- Directed by: Thushara Thennakoon
- Written by: Nandasiri Gamage
- Produced by: Sri Lanka Women's Development Services Cooperative Society Ltd
- Starring: Nadeesha Nilukshi Nayana Hettiarachchi Jagath Manuwarna
- Cinematography: Vishvajith Karunarathna
- Edited by: Pravin Jayarathna, Jayantha Ahangama
- Music by: Dinesh Subasinghe
- Production companies: Dil Films, TVT Colombo
- Release date: 20 March 2014;
- Running time: 116 minutes
- Country: Sri Lanka
- Language: Sinhala
- Budget: 180 LKR Lkhs

= WarigaPojja =

WarigaPojja is a 2014 Sri Lankan adventure film, directed by Thushara Thennakoon and produced by the Sri Lanka Women's Development Services Cooperative Society Ltd. It stars Nadeesha Nilukshi and Jagath Manuwarna in lead roles along with Somaweera Gamage and Nayana Hettiarachchi. Music composed by Dinesh Subasinghe.

The screenplay was based on a short story, Warigaya, written by Nandasiri Gamage. The film is set in the Hanthana forest area around Kandy. Wariga Pojja depicts the journey of a Morana Wariga tribesman who must escape and rescue his tribe after the destruction of the village from malaria.
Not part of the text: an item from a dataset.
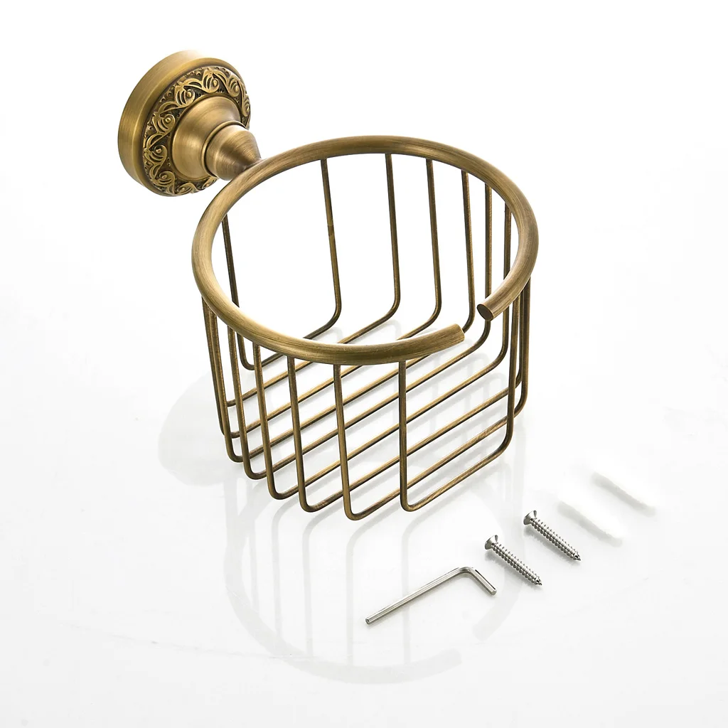 Bathroom Lavatory Solid Brass Toilet Tissue Paper Holder Paper Stand Tissue Paper Storage Basket

Nandasir Gamage named all the financial contributors as producers of this film, numbering 80,000. Each contributed 100 lkr., This was the 1204 th movie of Sri Lankan Cinema

==Plot==

Around 1890 the indigenous Sri Lankan tribesmen (Veddas) struggled with malaria. The film starts with a mother's death from the disease and the rest of the family leaving the cave where they live with their mother's body.

The father, Kauwa, son, Billa, and daughter, Handuni, continue the trip while the father sees their mother's soul (haetaā), which follows them wherever they go. They arrive at a cave near a stream, where they make arrangements to camp. They hear the loud sounds made by Nittaewa, an uncivilized human-ape.

In the night the father asks the children to leave him and meet their relatives at the other side of the jungle. Billa refuses that request asking his father to rest and gain strength to join with them. Finally Billa obeys his father, promising his father that he will save his sister and find her a match from the tribe.

==Cast==
- Nadeesha Fonseka as Handuni
- Nayana Hettiarachchi as Mother
- Jagath Manuwarana as Billa
- Poopalasingham Pradeepan as Nittawa
- Somaweera Gamage as Kauwa

==Music score==
The musical score was written by Dinesh Subasinghe, using acoustic instruments such as Armenian duduk, Bolivian flutes, takara, Chinese guita 'pipa' as well as folk bamboo flutes, jembe drums, Sri Lankan folk drums, Japanese taiko and different woodwinds. Annada Perera and Uresha Ravihare lent/ vocals along with Dinesh Subasinghe's folk singing.